This is why I'm hesitant about location - it is right on I-69; not close to any 'major' population centers, but there are (estimated) 38,000 people in the county. Now, if all those grocery stores closed their doors.. (but of course THAT'S not going to happen!).  I'm just saying - i might really try to be manifesting something more remote, to say the least. Still in da Great Lakes state, most likely 

http://justpiper.com/2010/12/urban-survival-food-shortage-riots/



> I never heard of a "mootttaa", I'm gonna have to google that.


 
Moootttaa = mota. Weed. Herbalz. 

Don't know much about transportability of tropical seeds, nor if they would (eventually?) grow in this climate. Might also have something to do with the fact that since it's so close to the equator (the tropics), their days and nights are more or less equal, without the mad bi-polarity of MI. I was born in the RIGHT FUKKIN' STATE!! YARRGGHHH! Not sure... most 'google' all of this, and get a horticulture degree in the meantime. 

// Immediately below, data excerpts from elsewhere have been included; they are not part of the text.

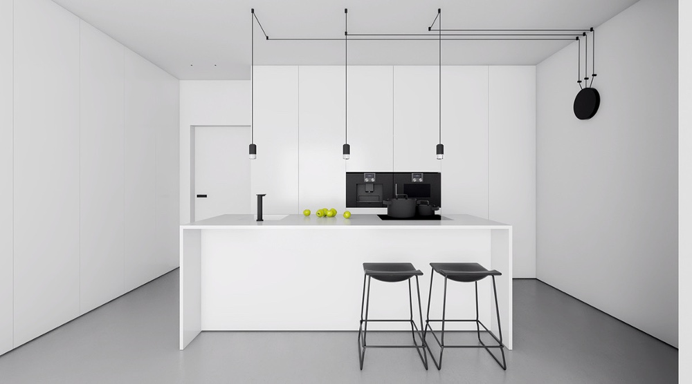 As far as functional kitchens go, this is an absolute dream. Often we find images of kitchens that are designed to be showpieces, pure eye candy…then we get kitchens that not only look absolutely stunning, but are actually fully functioning, usable spaces. The balance in this white kitchen is tremendous. Plenty of open space, plenty of counter work space, the sink, hob and fridge triangle is in place…just a well designed space. I especially like the white and grey kitchen balance, it breaks up the space in a very aesthetic way.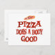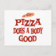 A pizza lover will enjoy this fun design with a piece of pizza and the words Pizza Does a Body Good. Makes a great gift.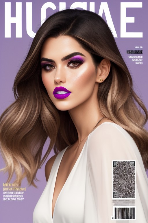 A magazine cover featuring a stunning supermodel with the bold headline "HOTTAKE" in large letters, accompanied by smaller text and a barcode. The cover image showcases a single girl with realistic features: she has black hair and striking brown eyes, detailed with mascara and delicate eyeshadow. Her face has a straight nose, thin lips, and parted lips revealing her teeth, all accentuated with lilac lipstick and a touch of blush. Her makeup is subtle and flawless, complementing her perfect skin. She wears a white blouse that highlights her collarbone. aprlmoon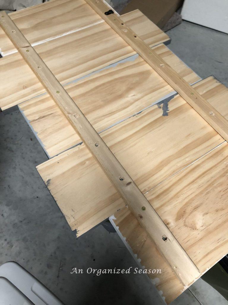 All the boards for our letter coat hangers are cut and painted. It’s time to attach them using 1″ X 2″ wood boards.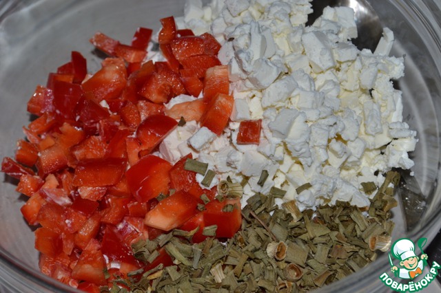 Пока подходит тесто, делаем начинку: режем кубиками перец, брынзу, добавляем зеленый лук. При необходимости досаливаем и перчим. У меня брынза была пресноватая, поэтому я хорошо посолила. Перемешиваем и убираем в сторонку.
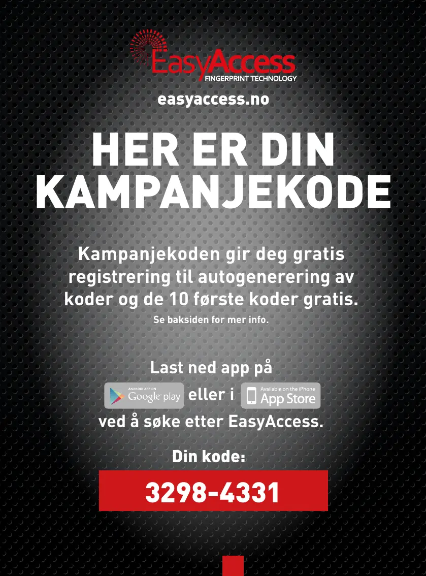 låsen. Kampanjekoden gir deg gratis registrering og de 10 første koder gratis slik at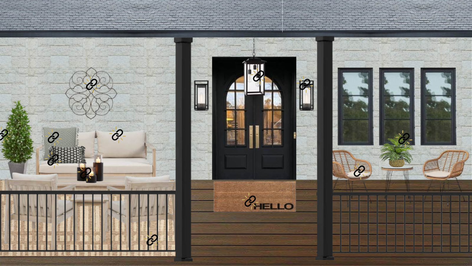 ✨ Elegant design concept featuring a relaxed-yet-polished transitional porch aesthetic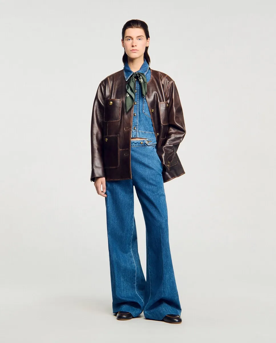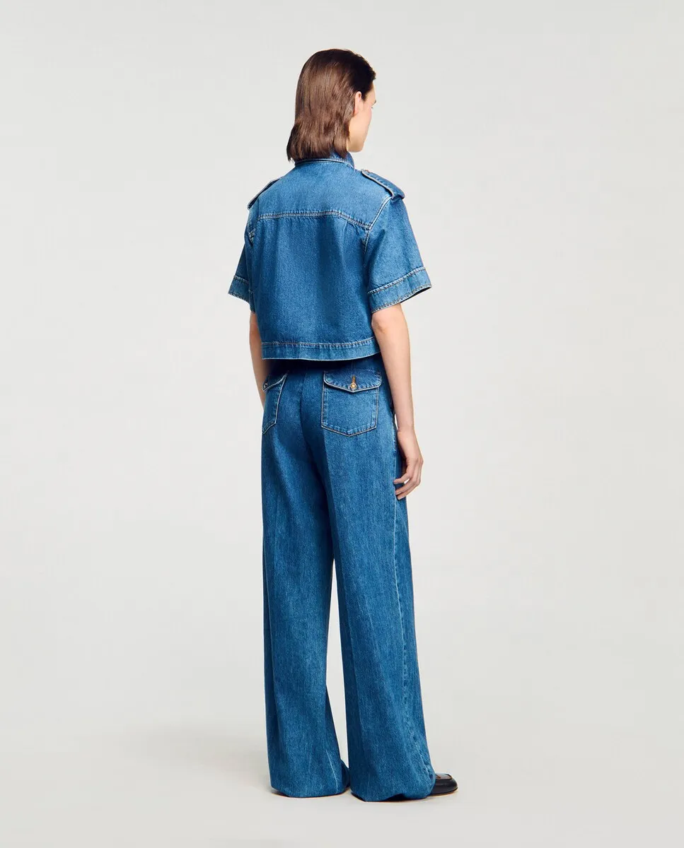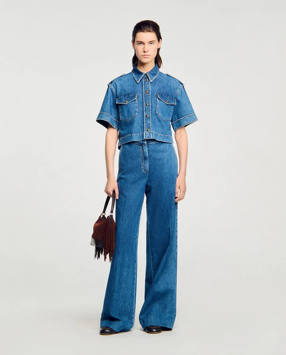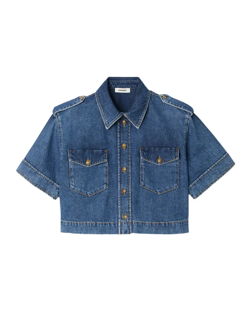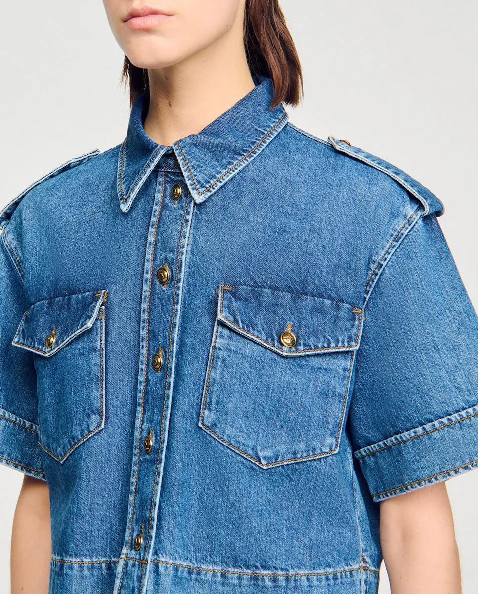 Короткая джинсовая рубашка с воротником, короткими рукавами и застежкой на пуговицы. Короткая джинсовая рубашка цвета washed Sandro. Прямой силуэт. Воротник рубашечного типа. Короткие рукава. Застежка на пуговицы. Нагрудные накладные карманы на пуговицах. Планки с пуговицами на плечах. Маленькие боковые разрезы.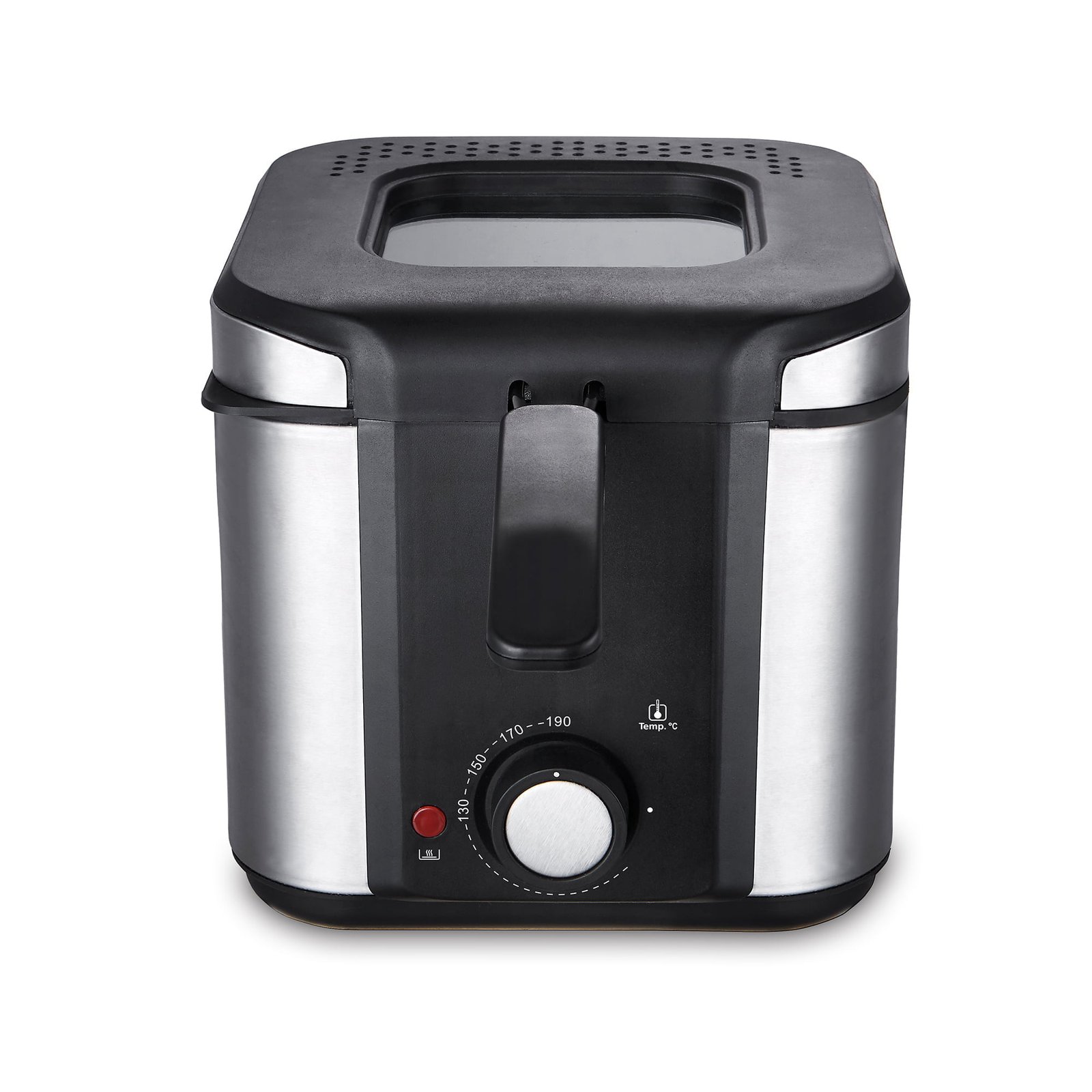 Freidora práctica y compacta con visor de cristal, control de temperatura y diseño en acero inox. Ideal para preparar frituras rápidas con total seguridad.

Take care... whereabouts you stay at, or are you travelin'?

Namaste, Blessed Be,
~ melissA


----------



## Kim Chee (Jul 3, 2012)

I'm in SD right now. I'm not a full time traveler as you can see. I think it would be cool to kick it on some land and do some farming with the land owner not giving a hoot if I were there. I bet the winters there are harsh and that's enough to make it a seasonal thing as far as roughing it. If it were me, I'd at least have a nice shack in the woods with some firewood stacked not too far off and ponder the mysteries of life.


----------